Ocorre que, tal como nos alerta Bastiat, o Estado não produz riquezas. Todo seu dinheiro vem dos tributos impostos aos contribuintes. Dessa forma, obrigam-se os contribuintes a pagar um funcionário público que não vale o dinheiro que recebe e priva esses mesmos contribuintes de pagar por serviços que desejam. Assim, o dinheiro e a circulação são os mesmos em ambos os casos, mas em um deles houve trabalho produtivo e, no outro, há um trabalho improdutivo.


Se um funcionário público gasta, para seu próprio benefício, uma quantia extra, isso implica no fato de que os contribuintes terão essa mesma quantia a menos para seu benefício. Entretanto, a despesa do oficial é vista, porque o ato é realizado, enquanto a do contribuinte não é vista, porque, (infelizmente!) ele é impedido de fazê-la.


Machado de Assis também dizia que o dinheiro não se perde, nem ganha; apenas troca de mãos. Ilustrando o fenômeno, Bastiat faz uma interessante analogia: “Você compara a nação, quiçá, a um trecho ressecado de terra, e o imposto a uma chuva fertilizante. Seja como for. Mas você também deveria se perguntar onde estão as fontes dessa chuva, e se não é o próprio imposto que retira a umidade do solo e a seca?”


Toda função pública, pois, para ser legitimamente custeada com o dinheiro dos cidadãos, deve ter provada sua utilidade. Não deve ser utilizada a comum justificativa dos benefícios que ela confere ao servidor, suas famílias e aos fornecedores de bens e serviços dessas famílias.


Ocorre que, se os economistas desaprovam o apoio governamental a qualquer tipo de atividade, entende-se que estão desaprovando a própria atividade. Assim, se pensam que o Estado não deve interferir em assuntos religiosos, são tachados de ateus. Hoje em dia o mesmo acontece com as minorias e muitas pautas populistas: se somos contra o financiamento público de medidas neste sentido, somos contra a própria questão. Por exemplo, se somos contra cotas raciais, automaticamente somos racistas.

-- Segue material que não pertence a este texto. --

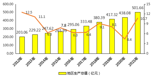 2021年,鲤城区地区生产总值达501.66亿元,连跨3个百亿台阶,2013-2021年年均增长7.8%。其中,除2020年因疫情影响地区生产总值仅增长4.4%外,其余9年均保持6.3%以上的增长速度。2021年鲤城区生产总值增长10.7%,位居全市第3名。在间断零星爆发的新冠疫情的影响下,鲤城区仍能够取得如此成就实属不易。

Se um legislador ou mesmo, a procuradoria ou algum órgão técnico alerta sobre a eventual inconstitucionalidade de uma lei, o que muitas vezes ocorre por vício de competência (ou seja, aquele tema não pode ser tratado por aquela esfera legislativa), busca-se fazer crer que ele é contra determinado tema. E, como já dito acima, o problema das leis constitucionais é que elas parecem legais, em um primeiro momento.


É por isso que, a fim de evitar uma visão rasa e, até mesmo, de alcançarmos efeitos diametralmente opostos aos que buscamos a partir de determinada medida, é que temos de nos educar, para cada vez mais analisar as coisas não apenas pelo que é visto, mas acostumarmo-nos a julgá-las, também, pelo que não é visto.


Lívia Dalla, Associada III.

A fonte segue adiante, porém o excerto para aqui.